**Description of the task:** Transcribe the data that follows without changing a word, and omit the pictures.

━━ Records for this task ━━

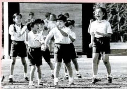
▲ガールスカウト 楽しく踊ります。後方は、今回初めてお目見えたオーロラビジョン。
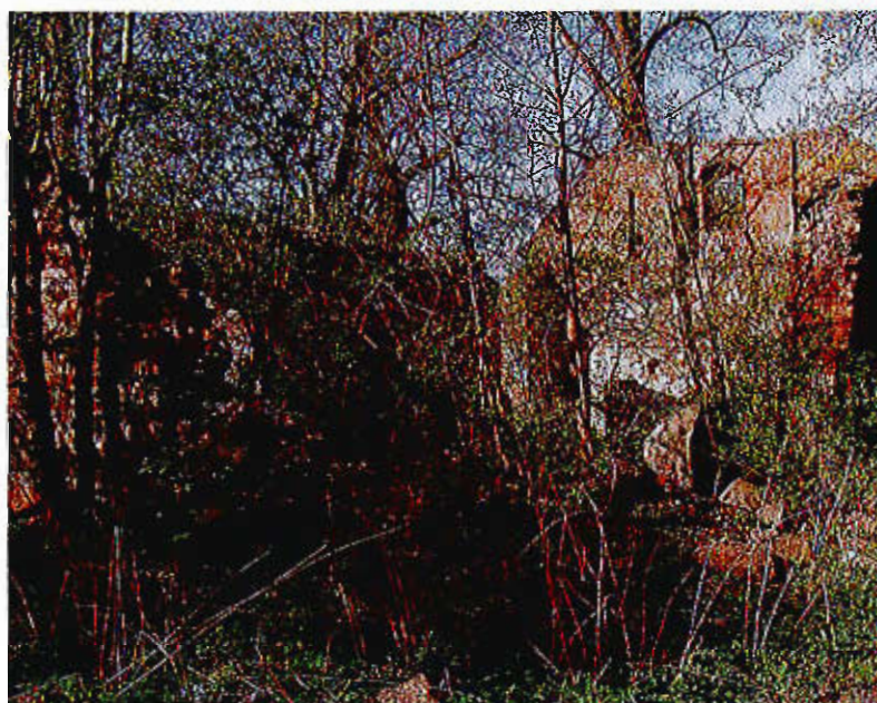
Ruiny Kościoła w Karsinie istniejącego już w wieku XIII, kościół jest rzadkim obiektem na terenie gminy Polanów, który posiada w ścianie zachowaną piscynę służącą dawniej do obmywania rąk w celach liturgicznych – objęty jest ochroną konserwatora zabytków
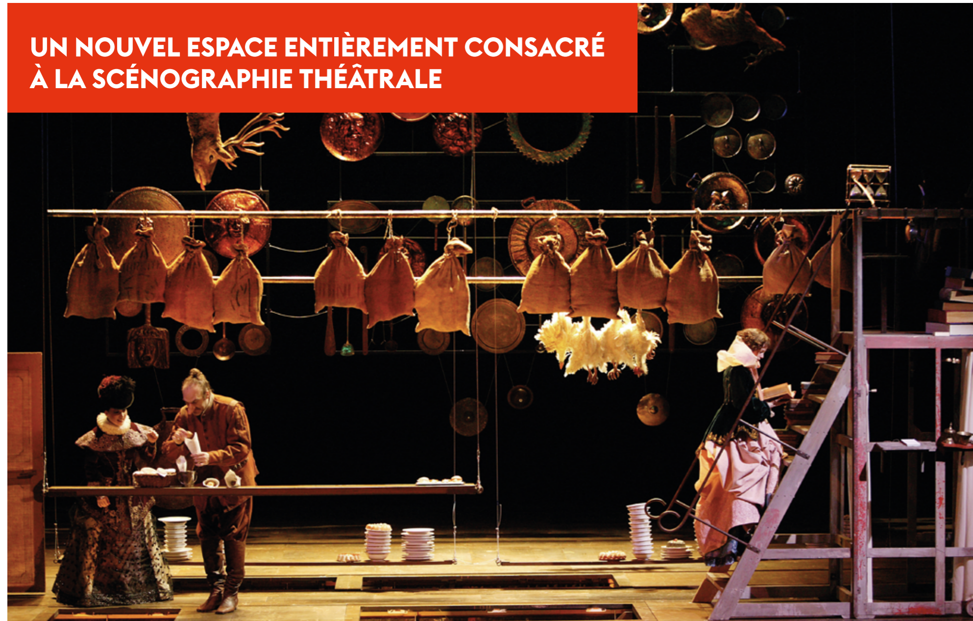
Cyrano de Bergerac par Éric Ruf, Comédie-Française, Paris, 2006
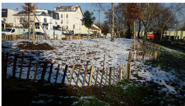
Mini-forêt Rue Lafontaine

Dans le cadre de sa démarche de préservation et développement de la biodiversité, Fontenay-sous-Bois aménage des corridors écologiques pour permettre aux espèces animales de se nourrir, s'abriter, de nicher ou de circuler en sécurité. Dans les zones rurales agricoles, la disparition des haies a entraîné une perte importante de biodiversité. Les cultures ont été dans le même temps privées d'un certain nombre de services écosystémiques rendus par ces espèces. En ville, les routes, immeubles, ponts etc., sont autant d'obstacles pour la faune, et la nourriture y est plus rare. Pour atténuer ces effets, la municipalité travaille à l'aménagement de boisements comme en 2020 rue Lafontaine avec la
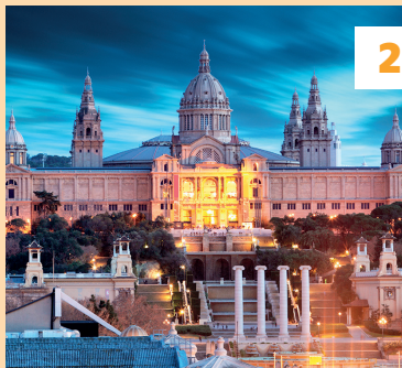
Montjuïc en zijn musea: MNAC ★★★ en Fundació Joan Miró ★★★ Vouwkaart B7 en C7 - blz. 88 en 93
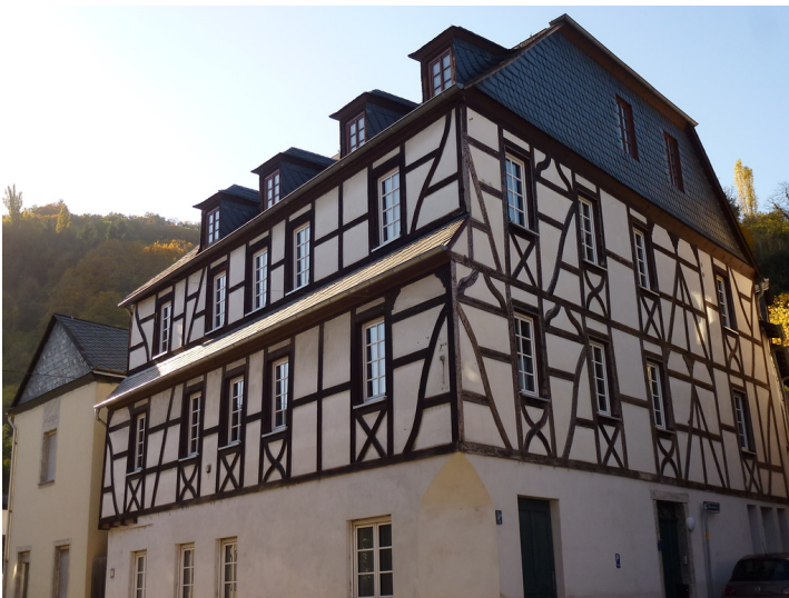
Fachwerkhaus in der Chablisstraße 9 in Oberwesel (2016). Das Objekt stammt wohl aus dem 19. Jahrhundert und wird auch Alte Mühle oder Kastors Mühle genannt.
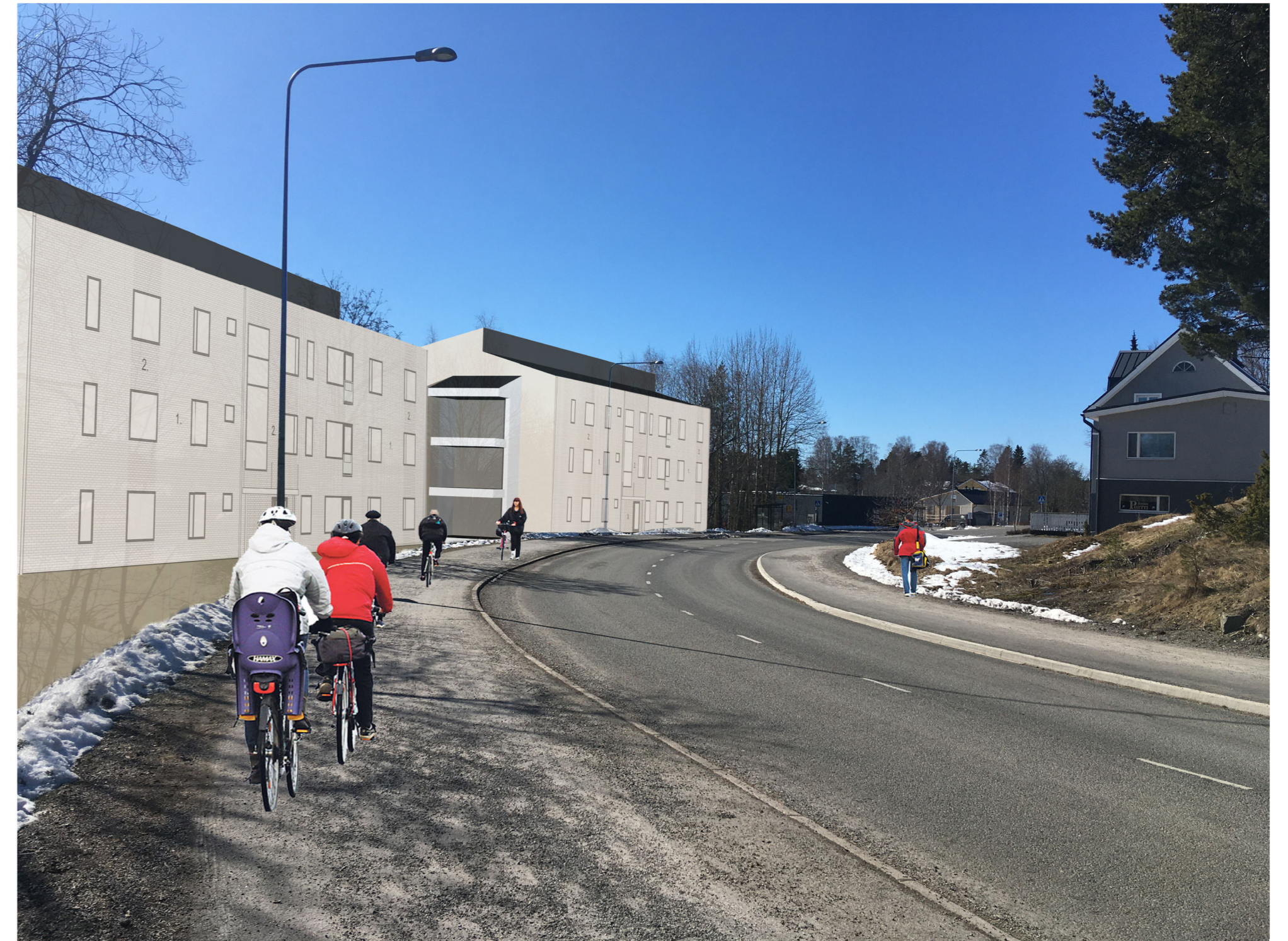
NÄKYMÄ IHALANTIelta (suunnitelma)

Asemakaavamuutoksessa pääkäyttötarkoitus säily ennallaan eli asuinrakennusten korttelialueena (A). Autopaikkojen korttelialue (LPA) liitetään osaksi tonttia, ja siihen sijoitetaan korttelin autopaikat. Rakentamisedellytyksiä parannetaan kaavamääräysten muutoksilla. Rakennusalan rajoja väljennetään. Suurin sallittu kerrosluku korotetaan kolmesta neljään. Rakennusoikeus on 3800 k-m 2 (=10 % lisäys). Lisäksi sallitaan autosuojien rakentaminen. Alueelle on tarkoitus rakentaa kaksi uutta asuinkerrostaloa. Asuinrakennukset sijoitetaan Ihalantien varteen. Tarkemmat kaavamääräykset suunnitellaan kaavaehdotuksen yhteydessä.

━━━

**Solved problem:**
▲ガールスカウト 楽しく踊ります。後方は、今回初めてお目見えたオーロラビジョン。
Ruiny Kościoła w Karsinie istniejącego już w wieku XIII, kościół jest rzadkim obiektem na terenie gminy Polanów, który posiada w ścianie zachowaną piscynę służącą dawniej do obmywania rąk w celach liturgicznych – objęty jest ochroną konserwatora zabytków
Cyrano de Bergerac par Éric Ruf, Comédie-Française, Paris, 2006
Mini-forêt Rue Lafontaine

Dans le cadre de sa démarche de préservation et développement de la biodiversité, Fontenay-sous-Bois aménage des corridors écologiques pour permettre aux espèces animales de se nourrir, s'abriter, de nicher ou de circuler en sécurité. Dans les zones rurales agricoles, la disparition des haies a entraîné une perte importante de biodiversité. Les cultures ont été dans le même temps privées d'un certain nombre de services écosystémiques rendus par ces espèces. En ville, les routes, immeubles, ponts etc., sont autant d'obstacles pour la faune, et la nourriture y est plus rare. Pour atténuer ces effets, la municipalité travaille à l'aménagement de boisements comme en 2020 rue Lafontaine avec la
Montjuïc en zijn musea: MNAC ★★★ en Fundació Joan Miró ★★★ Vouwkaart B7 en C7 - blz. 88 en 93
Fachwerkhaus in der Chablisstraße 9 in Oberwesel (2016). Das Objekt stammt wohl aus dem 19. Jahrhundert und wird auch Alte Mühle oder Kastors Mühle genannt.
NÄKYMÄ IHALANTIelta (suunnitelma)

Asemakaavamuutoksessa pääkäyttötarkoitus säily ennallaan eli asuinrakennusten korttelialueena (A). Autopaikkojen korttelialue (LPA) liitetään osaksi tonttia, ja siihen sijoitetaan korttelin autopaikat. Rakentamisedellytyksiä parannetaan kaavamääräysten muutoksilla. Rakennusalan rajoja väljennetään. Suurin sallittu kerrosluku korotetaan kolmesta neljään. Rakennusoikeus on 3800 k-m 2 (=10 % lisäys). Lisäksi sallitaan autosuojien rakentaminen. Alueelle on tarkoitus rakentaa kaksi uutta asuinkerrostaloa. Asuinrakennukset sijoitetaan Ihalantien varteen. Tarkemmat kaavamääräykset suunnitellaan kaavaehdotuksen yhteydessä.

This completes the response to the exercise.